- Directed by: Lula Ali Ismaïl
- Written by: Lula Ali Ismaïl Alexandra Ramniceanu Marc Wels
- Produced by: Lula Ali Ismaïl Alexandra Ramniceanu Jean-Frédéric Samie Gilles Sandoz
- Starring: Amina Mohamed Ali Tousmo Mouhoumed Mohamed Bilan Samir Moubus
- Cinematography: Jean-Christophe Beauvallet
- Edited by: Sylviane Gozin
- Music by: Philippe Jakko
- Production company: Samawada Films
- Release date: July 2017;
- Running time: 86 minutes
- Country: Djibouti
- Language: French

= Dhalinyaro =

2018 Franco–Djiboutian film

Dhalinyaro (Youth) is a 2017 Djiboutian drama film directed by Lula Ali Ismaïl where she became the first Djiboutian film director.
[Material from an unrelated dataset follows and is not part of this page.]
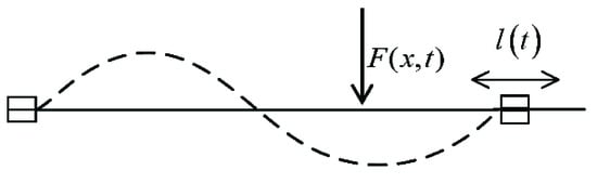 The BC and other active control methods need the reliable control strategies. In the case of unknown disturbance, the control performance depends on the disturbance observer. The BC methods are popular because the boundary conditions can affect the vibration characteristics of strings. Changing the position of damper on the string can affect the vibration suppression performance [4]. Changing the string length can cause the variable of amplitude and natural frequency [17,18]. The variable length strings have always been the controlled object, but the variable length can also be used as a strategy to suppress the resonance of string. The frequency variation of a variable length string can destroy the stable resonance. However, there is few research about the perspective according to authors’ survey. Therefore, a time-varying string length method is proposed to suppression resonance in this paper. The resonant frequency is continuously changed by the time-varying fixed position of end. The mode shape changes before the response stabilizes.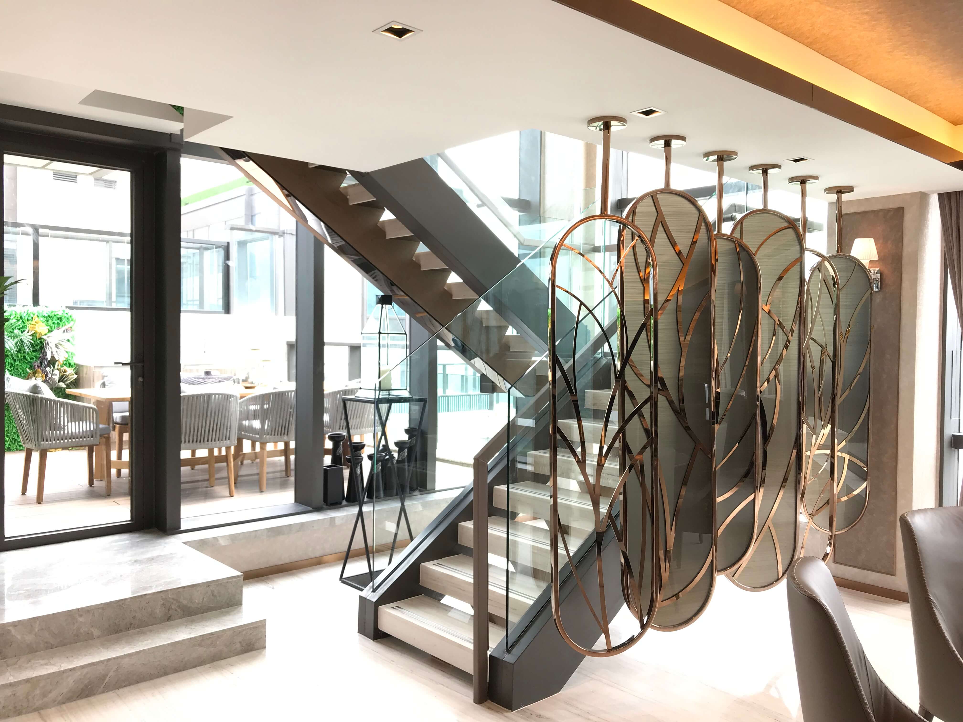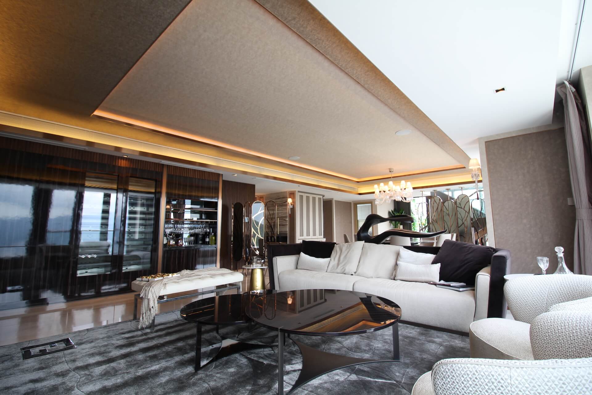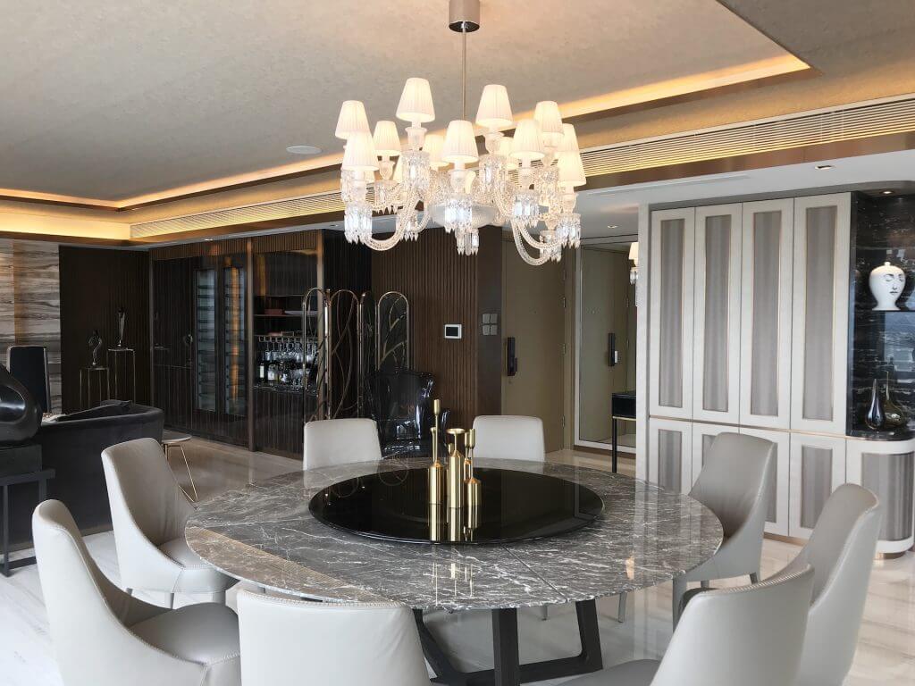 寬敞的空間與優雅的風格是理想搭配,白金沙石地台在陽光照射下隱約閃爍著星點亮光,玄關旁一幅啡金沙雲石牆以及一對Baccarat壁燈,配合飯廳的水晶吊燈散發優雅貴氣。

It is co-produced by Ali Ismaïl along with Alexandra Ramniceanu, Jean-Frédéric Samie and Gilles Sandoz for Samawada Films. The film stars Amina Mohamed Ali, Tousmo Mouhoumed Mohamed, and Bilan Samir Moubus in main roles. It is the first feature film in Djibouti cinema history which had its premiere in July 2017.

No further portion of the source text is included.